• _Action item_: Excluding pictures, what does the listing below contain from the line with "Trump oficial recebeu" up to and including the line with "on its own.", word for word?

• _Material to process_:
== Segment start ==

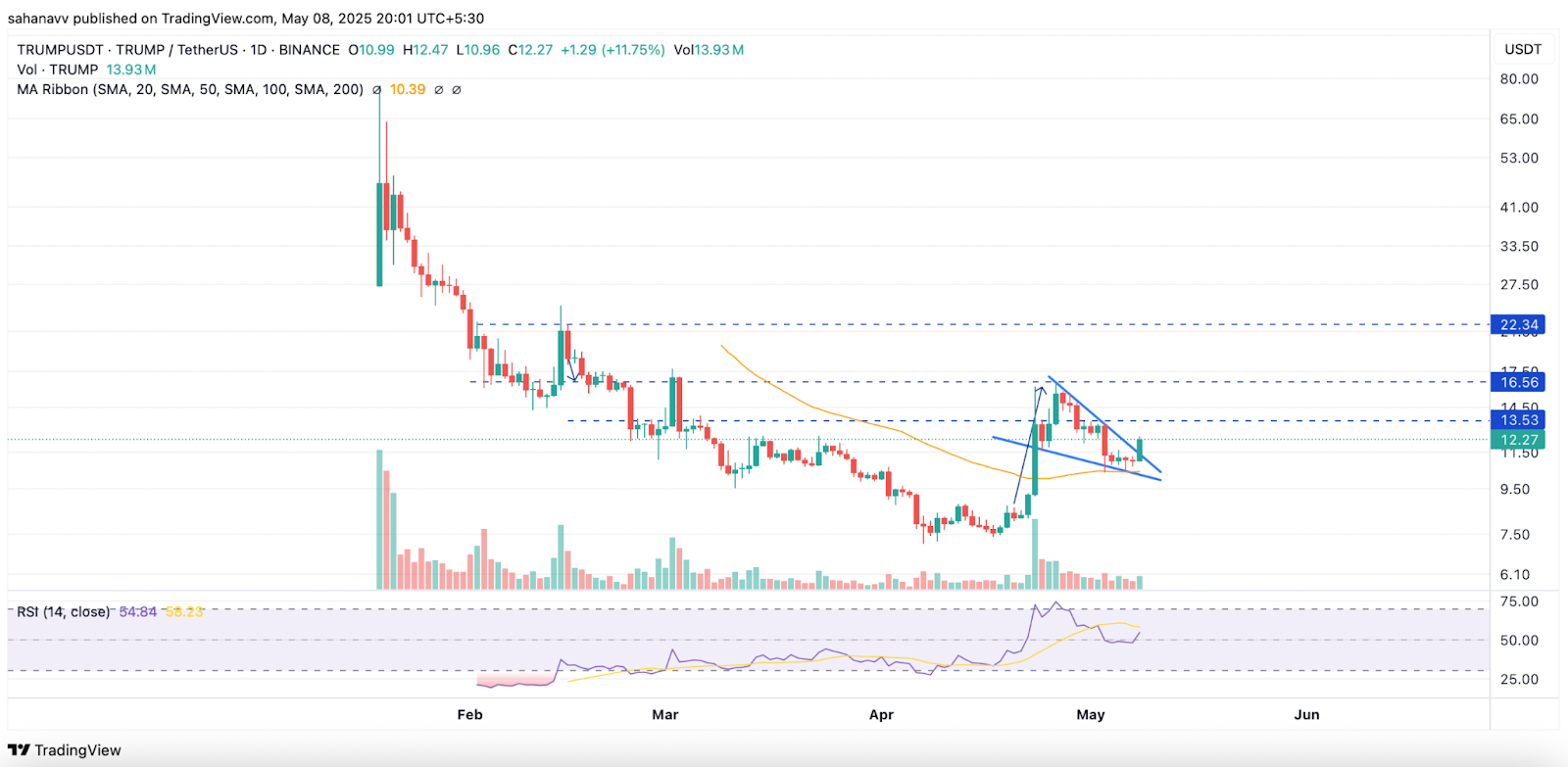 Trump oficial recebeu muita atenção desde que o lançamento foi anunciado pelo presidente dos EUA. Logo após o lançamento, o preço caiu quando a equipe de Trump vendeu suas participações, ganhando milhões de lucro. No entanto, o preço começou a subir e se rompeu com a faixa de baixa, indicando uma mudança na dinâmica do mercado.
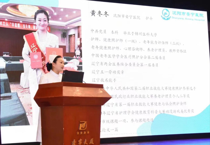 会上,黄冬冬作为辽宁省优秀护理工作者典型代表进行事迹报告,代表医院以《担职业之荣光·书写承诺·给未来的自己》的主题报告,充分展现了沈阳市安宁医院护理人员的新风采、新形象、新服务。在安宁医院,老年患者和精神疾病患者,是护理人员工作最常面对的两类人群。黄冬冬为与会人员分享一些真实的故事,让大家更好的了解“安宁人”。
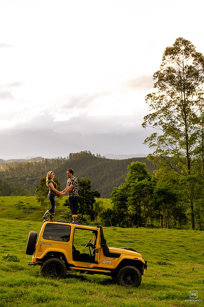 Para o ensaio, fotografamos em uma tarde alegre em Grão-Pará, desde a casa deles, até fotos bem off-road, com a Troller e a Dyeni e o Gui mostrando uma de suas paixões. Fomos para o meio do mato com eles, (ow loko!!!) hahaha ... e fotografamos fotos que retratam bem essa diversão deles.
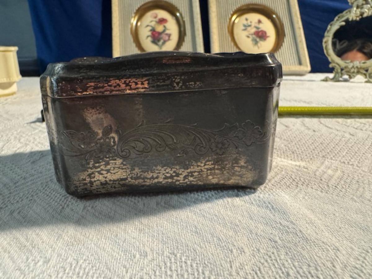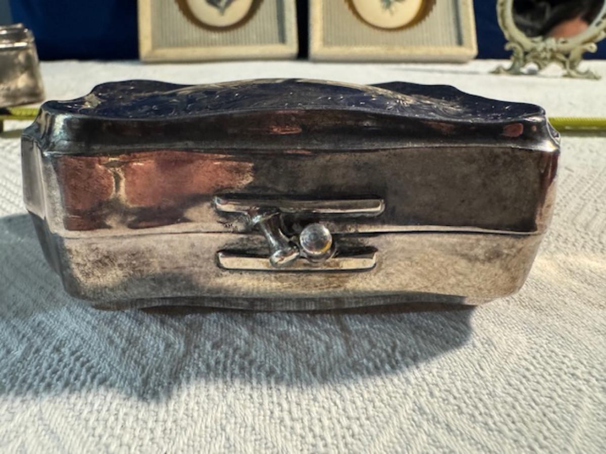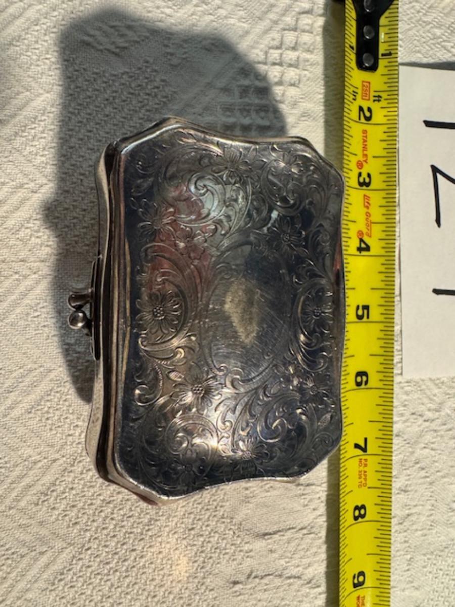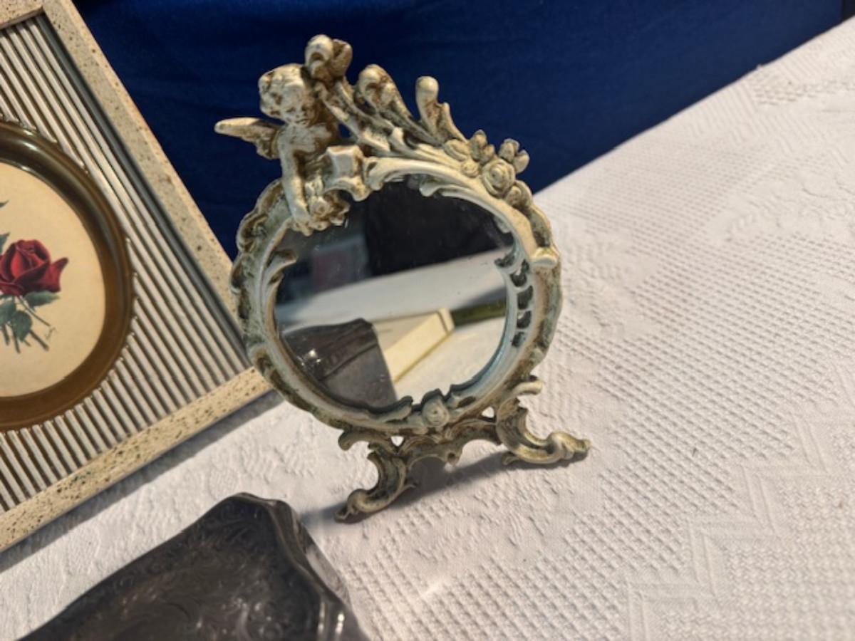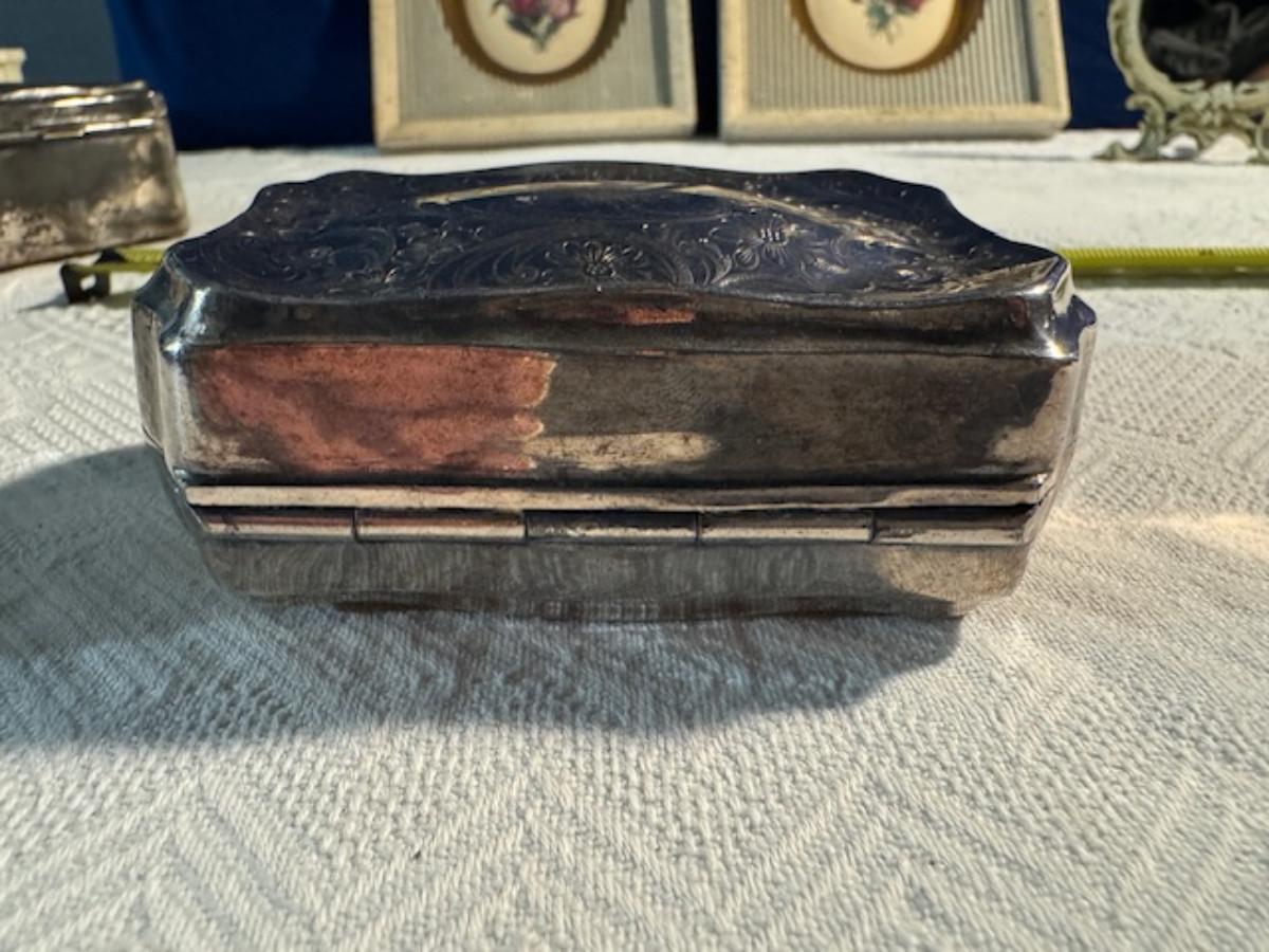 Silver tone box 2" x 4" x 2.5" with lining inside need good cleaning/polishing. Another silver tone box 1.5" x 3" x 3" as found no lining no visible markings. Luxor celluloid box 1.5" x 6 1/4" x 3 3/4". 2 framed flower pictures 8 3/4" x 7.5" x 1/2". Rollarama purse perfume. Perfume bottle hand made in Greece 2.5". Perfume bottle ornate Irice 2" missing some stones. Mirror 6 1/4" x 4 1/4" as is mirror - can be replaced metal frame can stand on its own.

== Segment end ==
== Segment start ==

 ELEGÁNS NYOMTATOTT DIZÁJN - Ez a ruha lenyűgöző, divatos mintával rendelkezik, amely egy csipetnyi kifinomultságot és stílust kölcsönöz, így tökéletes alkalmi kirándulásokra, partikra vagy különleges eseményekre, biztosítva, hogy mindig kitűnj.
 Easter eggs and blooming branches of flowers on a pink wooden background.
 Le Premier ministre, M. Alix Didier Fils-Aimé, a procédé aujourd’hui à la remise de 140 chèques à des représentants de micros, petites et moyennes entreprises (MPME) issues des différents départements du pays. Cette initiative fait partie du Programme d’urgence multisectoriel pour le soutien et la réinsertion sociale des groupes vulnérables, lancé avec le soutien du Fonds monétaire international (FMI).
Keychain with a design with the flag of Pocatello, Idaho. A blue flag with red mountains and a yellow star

== Segment end ==

• _Result below_:
 Trump oficial recebeu muita atenção desde que o lançamento foi anunciado pelo presidente dos EUA. Logo após o lançamento, o preço caiu quando a equipe de Trump vendeu suas participações, ganhando milhões de lucro. No entanto, o preço começou a subir e se rompeu com a faixa de baixa, indicando uma mudança na dinâmica do mercado.
 会上,黄冬冬作为辽宁省优秀护理工作者典型代表进行事迹报告,代表医院以《担职业之荣光·书写承诺·给未来的自己》的主题报告,充分展现了沈阳市安宁医院护理人员的新风采、新形象、新服务。在安宁医院,老年患者和精神疾病患者,是护理人员工作最常面对的两类人群。黄冬冬为与会人员分享一些真实的故事,让大家更好的了解“安宁人”。
 Para o ensaio, fotografamos em uma tarde alegre em Grão-Pará, desde a casa deles, até fotos bem off-road, com a Troller e a Dyeni e o Gui mostrando uma de suas paixões. Fomos para o meio do mato com eles, (ow loko!!!) hahaha ... e fotografamos fotos que retratam bem essa diversão deles.
 Silver tone box 2" x 4" x 2.5" with lining inside need good cleaning/polishing. Another silver tone box 1.5" x 3" x 3" as found no lining no visible markings. Luxor celluloid box 1.5" x 6 1/4" x 3 3/4". 2 framed flower pictures 8 3/4" x 7.5" x 1/2". Rollarama purse perfume. Perfume bottle hand made in Greece 2.5". Perfume bottle ornate Irice 2" missing some stones. Mirror 6 1/4" x 4 1/4" as is mirror - can be replaced metal frame can stand on its own.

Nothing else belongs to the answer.